What Is Elevation Gain?
Picture this way. You run upward for 50 metres, later go down and again upward? So that does 100 metres of Elevation Gain, not only 50.
Because it measures the total of every vertical distance that you actually climb; not only the difference between the start and the highest place. On the other hand, flat ground does not add anything to the total.
Here everything matters, when you guess how hard a certain way will be. A hundred-mile bike way with 2,000 feet of rises is fully other thing than one with 10,000 feet. Assume that you climb three 100-foot hills during a bike ride, that matches to 300 feet of Elevation Gain.
While a longer way could have something like 100 feet each mile, what starts to feel really hilly.
In the western Cascade Mountains and similar regions, a typical daily rise can reach 2,500 to 4,000 feet of Elevation Gain. Some people choose more hard and aim for 5,000 or 6,000 feet. Here it usually goes past 1,000 feet each mile.
A 50-mile run could cross 10,000 to 15,000 feet of Elevation Gain without too many surprises.
And then there are the Manitou Incline in Colorado. It is really hard (you climb 2),000 feet in less then one mile through 2,768 sharp stairs. Important detail.
GPS devices measure the height by means of air pressure and satellite data, later add everything that you climbed. The problem is that those apps are not always right. When one compares them with reliable charts, one app was off by around 15 percent, while another was off by about 10 percent on a hilly way.
While an up-down repeat of the same path? The mistakes can reach more than 70 percent.
The height also affects the run otherwise. At around 5,000 feet, like in Denver, your speed naturally drops by 1 to 3 percent, because there is less oxygen available. Add sharp rise to the mix, and the slowdown becomes even worse.
For everyday exercise, monthly runs can include 300 to 400 feet of Elevation Gain. When you reach 700 to 800 feet, the hills start feeling clearly hard.
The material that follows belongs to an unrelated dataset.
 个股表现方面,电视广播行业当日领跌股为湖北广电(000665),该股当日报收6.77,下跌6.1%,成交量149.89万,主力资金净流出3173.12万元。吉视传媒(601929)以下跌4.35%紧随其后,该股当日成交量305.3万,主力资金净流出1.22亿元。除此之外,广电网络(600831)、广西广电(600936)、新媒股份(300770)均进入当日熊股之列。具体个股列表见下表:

Hilly repeats on a sharp bit can reach 400 to 500 feet each mile, because you go down during half of the time and the math like this becomes really tough.
Running 10 kilometers five times weekly with 400 to 500 metres of Elevation Gain always, that is an intense program thatbuilds strong fitness, but also raises the risk of injuries.